El diestro escupió, pero demasiado pronto. Incineró varios tendederos. Con un grito triunfante, un cacto le lanzó un machete al anfitrión. Era un arma enorme; se hundió profundamente en la carne humana y el cuerpo se desplomó. Los cactos pisotearon y patearon al parásito y a su víctima con los troncos que tenían por pies. Pero ahora la línea irregular de los Artilleros estaba enfilada y, a pesar de las corazas de toscas planchas metálicas con las que se cubrían, las salvas de los motocañones los hicieron pedazos.

Los fatigados guerreros cactos empezaron a retirarse hacia sus propias filas. El último de los Artilleros era un humano rehecho. Llevaba una criatura moteada pegada al pie. Cuando sus camaradas cactos se volvieron hacia él, les escupió fuego sobre las caras. Habían matado al anfitrión, pero no al manecro y este se había apoderado de él.

Un tren estrepitoso llegó sobre el cercano paso que cruzaba el puente, escasos metros por encima de ellos. En la orilla norte, una barricada bloqueaba las vías, pero al sur de la estación de Aduja, la línea Sud pertenecía al Colectivo. El tren se detuvo junto al puente, y desde sus ventanas, los colectivistas, dirigidos por un garuda de las chabolas que volaba sustentado en las corrientes térmicas provocadas por los incendios, empezaron a arrojar granadas. Los proyectiles arrasaron un poco más las calles del puente, pero lograron romper las filas de la milicia.

Pero no fue suficiente. Los milicianos tomaron posiciones en el puente de Celosía y devolvieron el fuego al tren. Al este, la negra aguja del Parlamento perforaba el cielo, un inselberg de arquitectura negra que presenciaba esta y otras batallas (una incursión de aeronaves en los muelles de Arboleda, un ataque de la bípeda caballería shuhn en Ensenada, el ataque lanzado contra Ecomir por un regimiento mameluco de rehechos leales al régimen, insultados y tildados de traidores por los colectivistas).

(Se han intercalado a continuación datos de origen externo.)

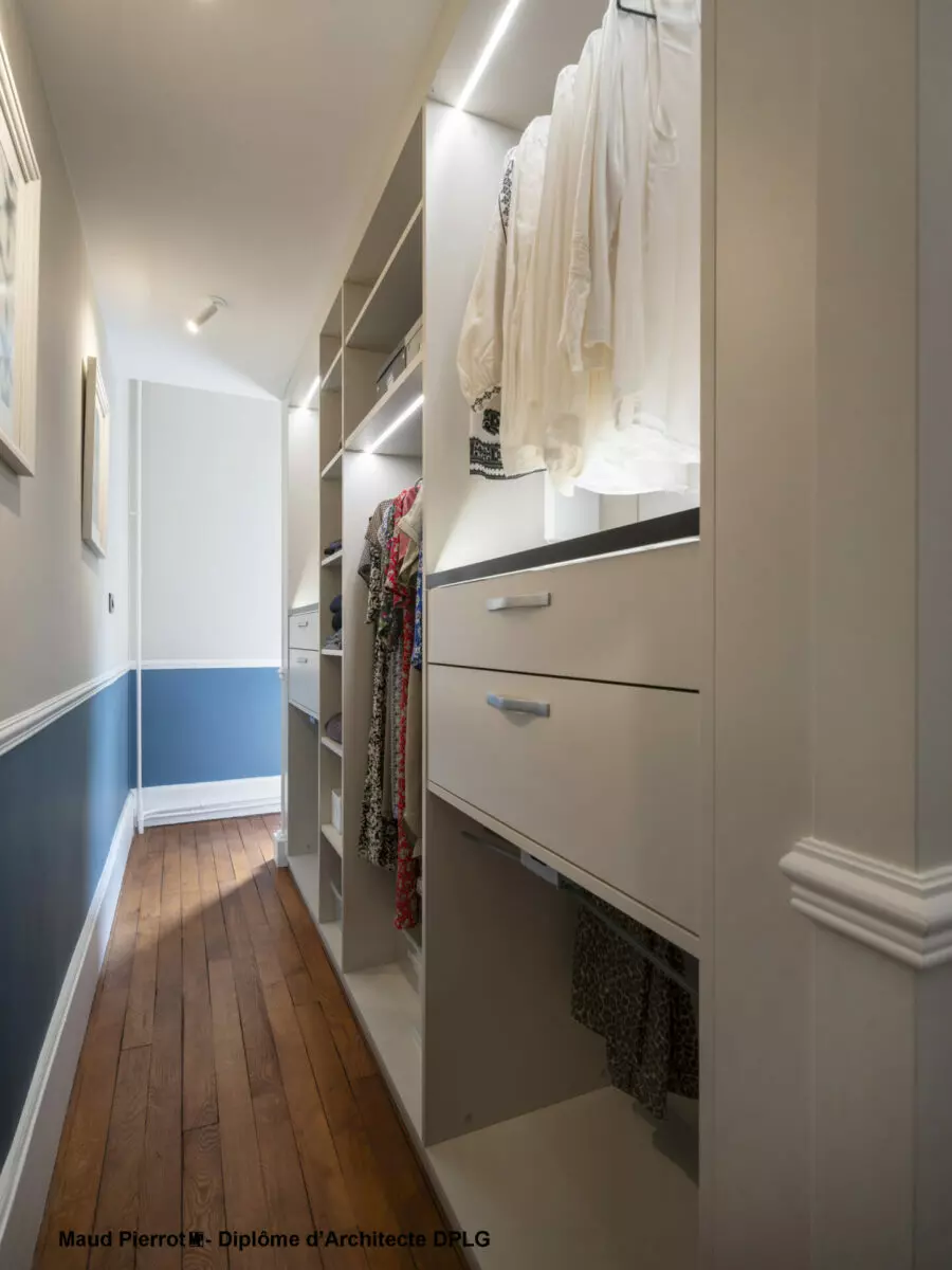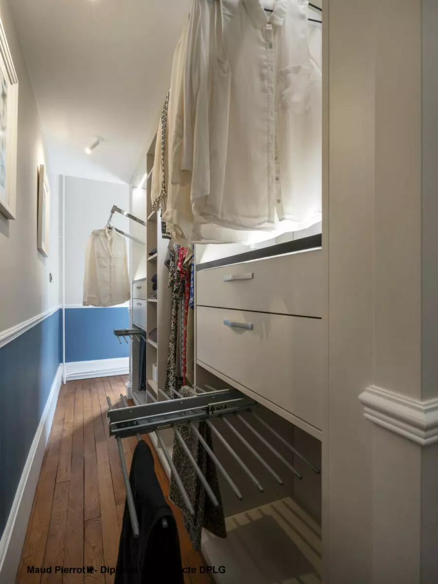 Avis client: Maud nous a accompagnés dans la restructuration d’une vaste chambre parentale avec création d’un dressing au sein d’une maison de 1909. Elle a répondu à notre souhait de moderniser l’ensemble tout en conservant les volumes et le charme de la pièce. La qualité du projet, des matériaux utilisés et des entreprises engagées aboutit à un merveilleux résultat.
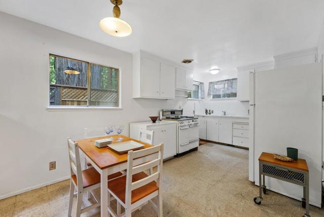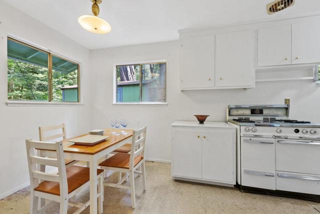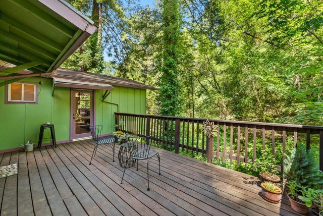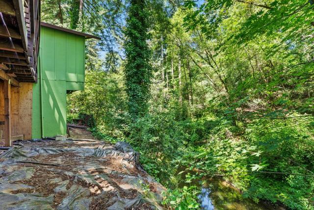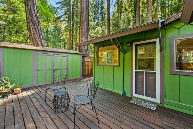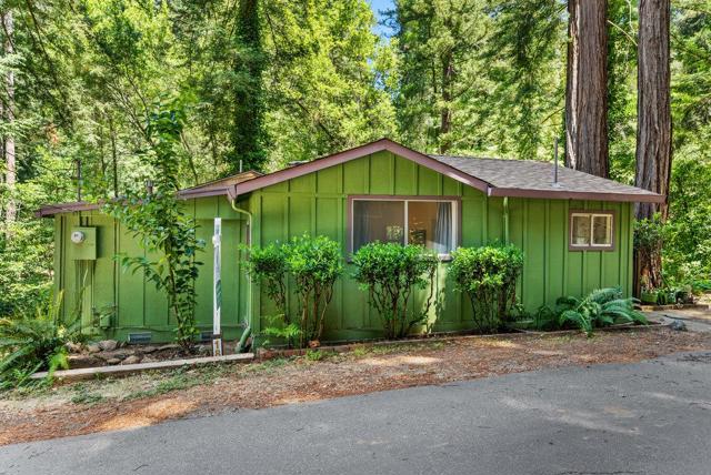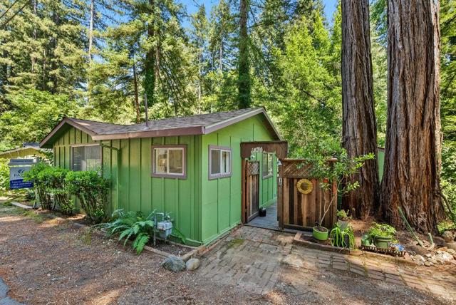 1930s cabin in the woods. This 2 bed, 1 bath Cottage on Bear Creek. It is in a Stock Coop: 24 homes share 12 acres. The fixer upper could use a new roof, AS IS, upgrade the rest to your taste. The vintage stove, and rock and brick hearth in the living room, may be part of the charm to keep. Enjoy the fenced private deck overlooking Bear Creek, and storage shed with Washer Dryer hookups. Is it an office space, studio, or simply storage in your future home? Walk into Boulder Creek, commute to the North cities, or Santa Cruz. Low HOA covers water, garbage, road & common area maintenance, clubhouse, BBQ area, and private trails to the Creek Beaches & arborist. Bear. Creek Stock co-op. requires ALL CASH or non conventional loan, ask me about it. Park Approval required. Ideal for a permanent residence or second home. Speed limit is 5 miles an hour.

—Es la hora. —Un susurro entre los comandantes del Colectivo, en Piel del Río. Bajo los arcos del ferrocarril de la estación Salpetra, en el cuartel general, Frengeler, ex-miliciano, experto en tácticas que se había pasado a los radicales, la extraordinaria mente estratégica del Colectivo, estaba gritando:

—Decidid si queréis ganar o no, joder. Se nos acaba el tiempo. Hacedlo. Volad el puente.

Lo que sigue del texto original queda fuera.